Write out again, exactly as they appear, the lines from the start of the data below through the line with "村民刘大姐看着孩子们认真学习"; no pictures.
=== Begin Enclosure ===
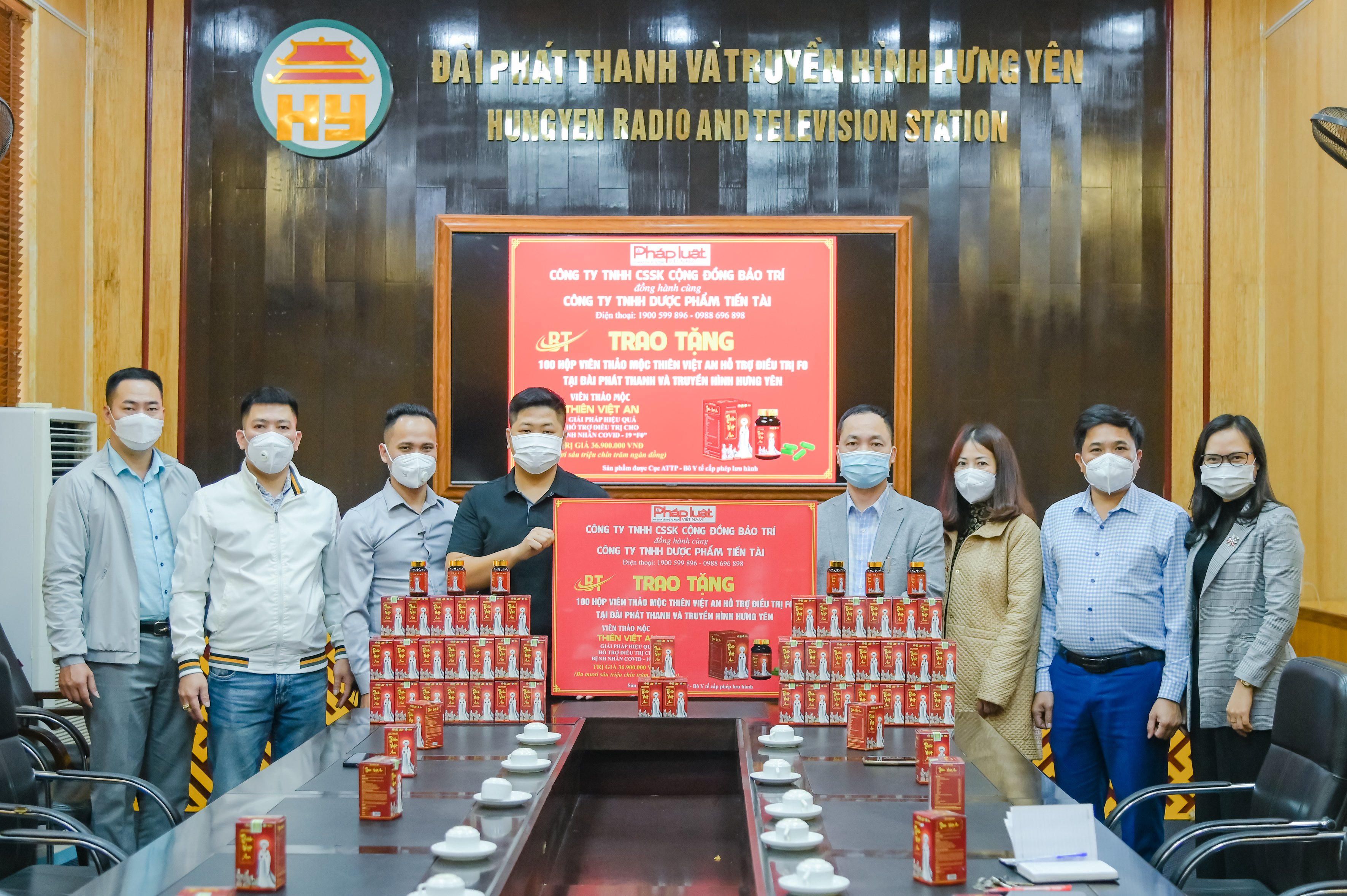 Công ty Bảo Trí trao tặng hàng trăm hộp sản phẩm Viên thảo mộc Thiên Việt An cho Đài Phát thanh và Truyền hình Hưng Yên
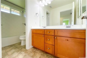 Discover the perfect oasis in this charming 4 bedroom, 2.5 bath single-family home nestled in the desirable Ocean Pointe community of Ewa Beach. Boasting a versatile bonus den downstairs and a generous backyard, this home offers ample space for comfortable living and entertaining. Enjoy the coolness year round with an energy efficient Air Conditioner unit replaced in 2022 which keeps the electricity cost to a minimum.The open-concept layout features a modern kitchen with sleek appliances and ample counter space, flowing seamlessly into a bright living and dining area. The primary suite provides a peaceful retreat with an en-suite bathroom with a soaking tub and shower as well as a walk-in closet. Three additional bedrooms and the bonus den offer flexibility for a home office, playroom, or guest accommodations.Utilize a 2-car garage with potential for a third parking and a large backyard perfect for outdoor gatherings. Situated in the heart of Ewa Beach, the home is just minutes away from beautiful beaches, shopping, golf courses, and dining making it ideal for those seeking a vibrant and convenient lifestyle. Schedule a private showing today!
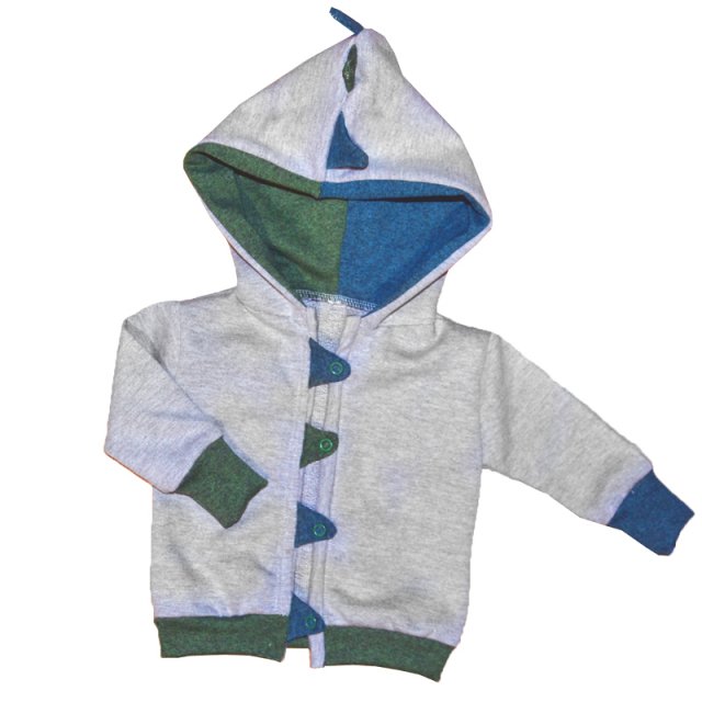 Bluza z kapturem dla malucha wykonana została z dzianiny dresowej w kolorze szarym oraz zielonym i niebieskim.
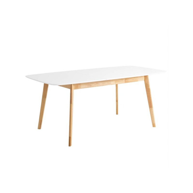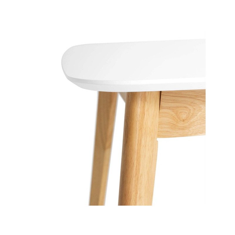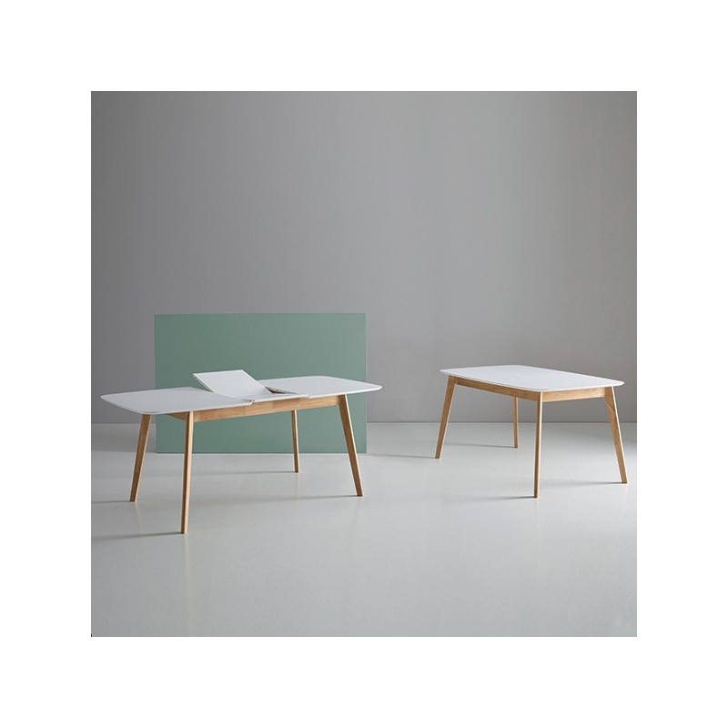 Descubra a versatilidade e elegância da mesa extensível ENMA 120 branco/carvalho, um móvel funcional e moderno que se adapta a qualquer espaço. Com suas medidas de 120x80 cm, esta mesa de jantar é perfeita para cozinhas e salas de jantar de estilo nórdico, trazendo um toque de frescor e luminosidade graças ao seu tampo lacado em branco e pernas de madeira de carvalho.
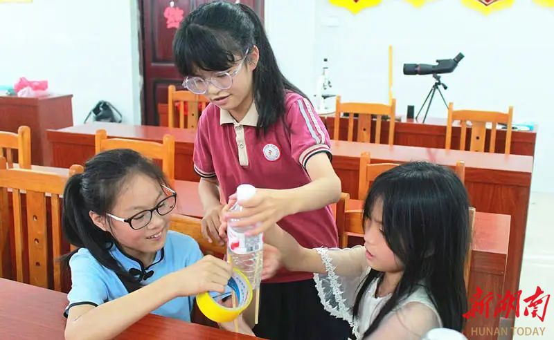 村民刘大姐看着孩子们认真学习防溺口诀的样子,欣慰地说道。“大家知道废旧电池该扔在哪里吗?”服务团的“环保实验室”里,队员们正带领孩子们用矿泉水瓶、纸箱等废品制作简易浇水器。结合新田村的生态现状,团队精心设计了“垃圾分类闯关”“家乡水质小调查”等特色活动,让孩子们带着pH试纸走进田间地头,记录不同水源的酸碱度。
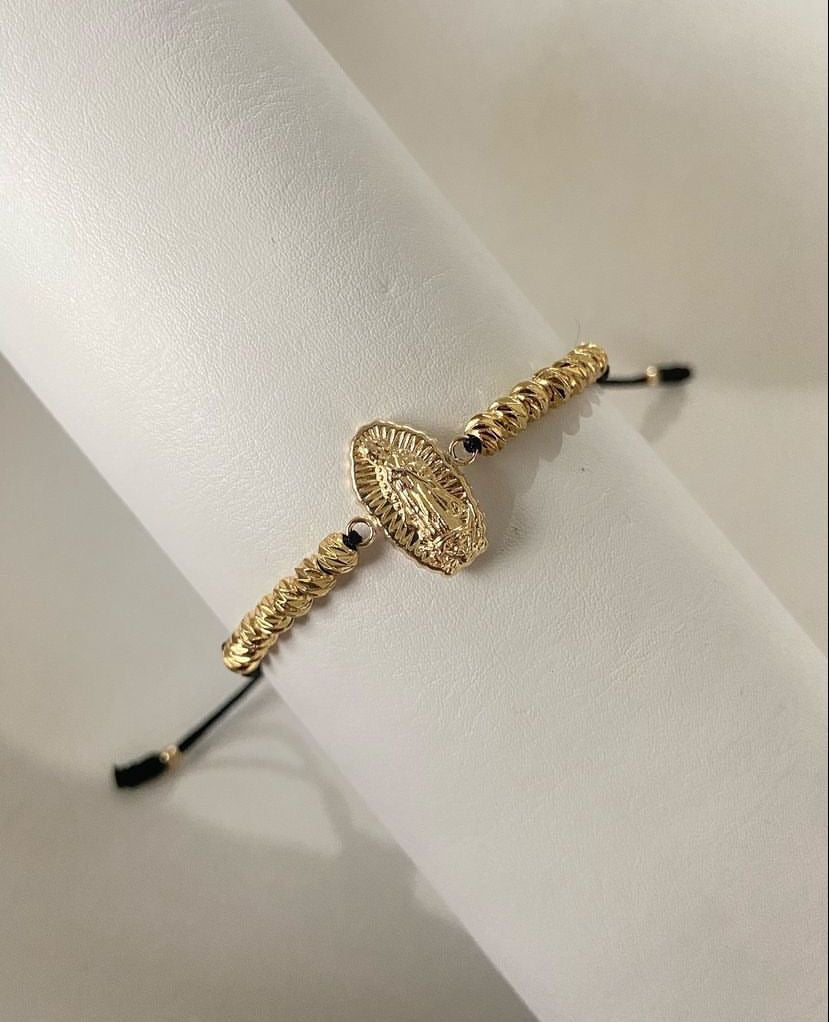 Pulsera Virgen Tallada con balines #4 diamantados completa
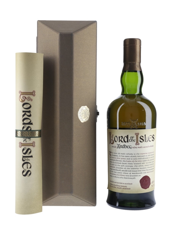 A bottle of Ardbeg Lord of the Isles Single Islay Malt Scotch Whisky, matured for 25 years. It was first launched in 2001 and production continued until 2007. This is presented with a scroll telling the story of Somerled, a Celtic-Norse warlord and the first Lord of the Isles.
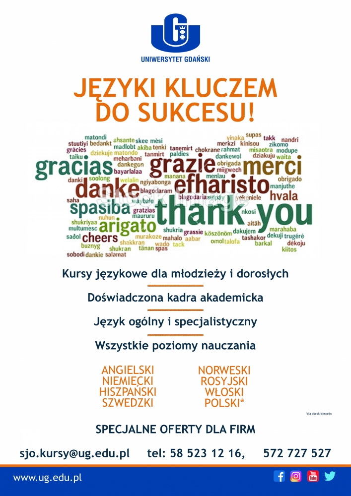 Studium Języków Obcych UG we współpracy z Fundacją Rozwoju Uniwersytetu Gdańskiego zapraszają na kursy językowe prowadzone przez doświadczonych lektorów akademickich. Oferujemy naukę języków: angielskiego, niemieckiego, szwedzkiego, hiszpańskiego, francuskiego, włoskiego, norweskiego, rosyjskiego oraz polskiego dla obcokrajowców na wszystkich poziomach zaawansowania. Przeprowadzamy także egzaminy certyfikatowe.
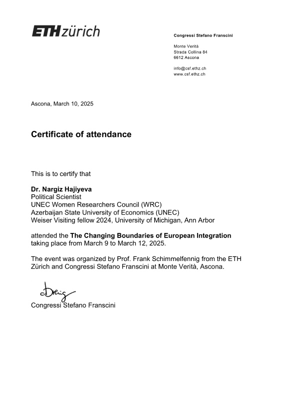 Azərbaycan Dövlət İqtisad Universitetinin (UNEC) Elmi fəaliyyətin təşkili şöbəsinin müdiri, UNEC Xanım Tədqiqatçılar Şurasının rəhbəri, siyasi alim Dr. Nərgiz Hacıyeva İsveçrə Konfederasiyasının nüfuzlu ali təhsil müəssisəsi “ETH Sürix” – Sürix Federal Texnologiya İnstitutunun professoru, Müqayisəli Siyasət beyin mərkəzinin direktoru, siyasi elmlər üzrə Frank Shimmenfennigin dəvətilə 09-12 mart tarixlərində İsveçrə konfederasiyasının Lokarno şəhərində keçirilən "The Changing Boundaries of European Integration" adlı beynəlxalq seminarda çıxış edib.
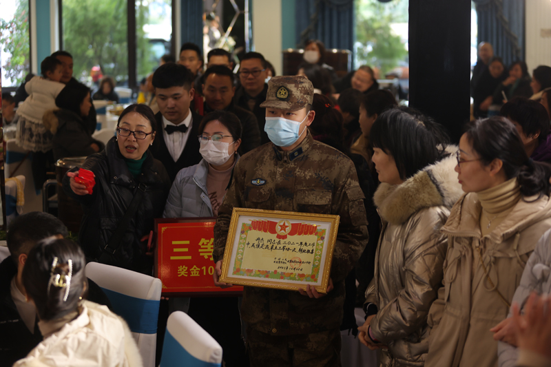 上午11时30分,冉杰婚礼仪式即将举行。这时,酒店外一阵锣鼓声让原本热闹的婚礼现场更加热闹。原来,崇州市人武部会同崇州市退役军人事务局、崇州市崇阳街道办事处组成的送喜报小组,共同为新郎新娘送来了三等功奖章和“四有军士”喜报。
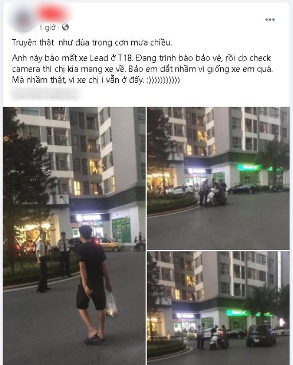 Thế nhưng, điểm đáng chú là nhất là khi chàng trai đang trình báo bảo vệ để chuẩn bị check camera thì một người phụ nữ bất ngờ mang về về. Lý do khiến ai nấy đều “cười ra nước mắt” vì chị gái này thấy chiếc xe Lead của anh chàng giống y sì xe mình nên đã chủ quan biển số, mà cứ thế dắt đi.
=== End Enclosure ===
■ **TASK ANSWER**
 Công ty Bảo Trí trao tặng hàng trăm hộp sản phẩm Viên thảo mộc Thiên Việt An cho Đài Phát thanh và Truyền hình Hưng Yên
 Discover the perfect oasis in this charming 4 bedroom, 2.5 bath single-family home nestled in the desirable Ocean Pointe community of Ewa Beach. Boasting a versatile bonus den downstairs and a generous backyard, this home offers ample space for comfortable living and entertaining. Enjoy the coolness year round with an energy efficient Air Conditioner unit replaced in 2022 which keeps the electricity cost to a minimum.The open-concept layout features a modern kitchen with sleek appliances and ample counter space, flowing seamlessly into a bright living and dining area. The primary suite provides a peaceful retreat with an en-suite bathroom with a soaking tub and shower as well as a walk-in closet. Three additional bedrooms and the bonus den offer flexibility for a home office, playroom, or guest accommodations.Utilize a 2-car garage with potential for a third parking and a large backyard perfect for outdoor gatherings. Situated in the heart of Ewa Beach, the home is just minutes away from beautiful beaches, shopping, golf courses, and dining making it ideal for those seeking a vibrant and convenient lifestyle. Schedule a private showing today!
 Bluza z kapturem dla malucha wykonana została z dzianiny dresowej w kolorze szarym oraz zielonym i niebieskim.
 Descubra a versatilidade e elegância da mesa extensível ENMA 120 branco/carvalho, um móvel funcional e moderno que se adapta a qualquer espaço. Com suas medidas de 120x80 cm, esta mesa de jantar é perfeita para cozinhas e salas de jantar de estilo nórdico, trazendo um toque de frescor e luminosidade graças ao seu tampo lacado em branco e pernas de madeira de carvalho.
 村民刘大姐看着孩子们认真学习防溺口诀的样子,欣慰地说道。“大家知道废旧电池该扔在哪里吗?”服务团的“环保实验室”里,队员们正带领孩子们用矿泉水瓶、纸箱等废品制作简易浇水器。结合新田村的生态现状,团队精心设计了“垃圾分类闯关”“家乡水质小调查”等特色活动,让孩子们带着pH试纸走进田间地头,记录不同水源的酸碱度。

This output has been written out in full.